Second year residents are required to spend a one week rotation at COPIC.
Certain areas are primarily taught longitudinally throughout the three years. These include behavioral medicine, practice management, community medicine, health promotion/disease prevention, medical ethics, patient education, and the family.
All PGY IIIs plan and conduct a program-wide Thursday Teaching presentation. Dates are chosen at the spring scheduling meeting for the following year. Each team leader is involved in planning and presenting with his/her resident.
Away Rotations
Accreditation rules only allow two (2) months per resident in each of the PGY II and PGY III years away from the Family Medicine Center practice (see Night Float) and not consecutively. Additionally, one (1) month may be spent per year on a rotation where a resident comes back for FMC clinic, but is not available for residency call.
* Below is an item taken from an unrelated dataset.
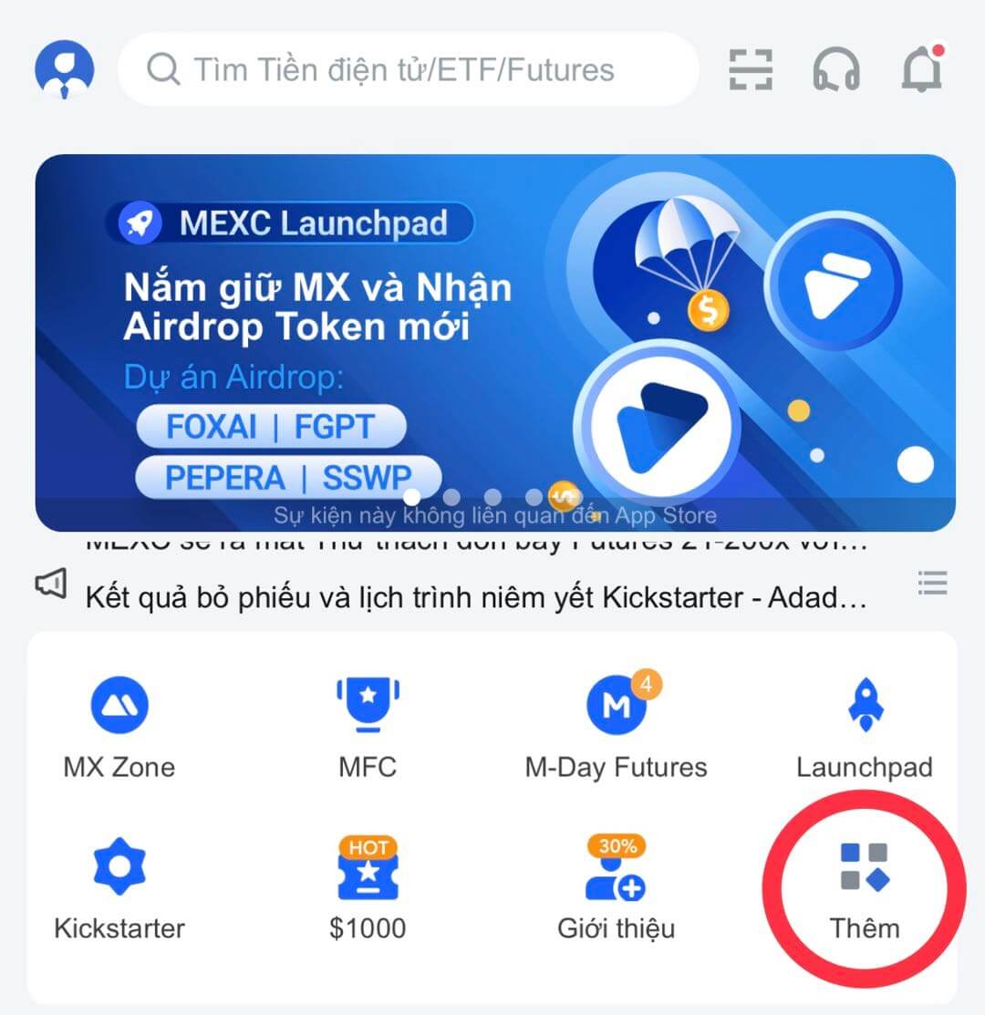 Truy cập Copy Trade:APP> Thêm> Giao dịch> Copy Trade

In order to assure adequate coverage of a team’s practice, no more than five residents can be away at any one time for any reason. This includes vacation, away rotations, educational leave etc.
Away rotations, vacation, educational leave and leave for any other reason must be scheduled at least two months in advance.
Moonlighting
Second and third year residents who are licensed and purchase their own malpractice insurance may moonlight. A form must be submitted and signed by the program director prior to starting any moonlighting activities. The program expects that moonlighting activities will not interfere with the care of our patients, and with the residents' educational activities or duty hours.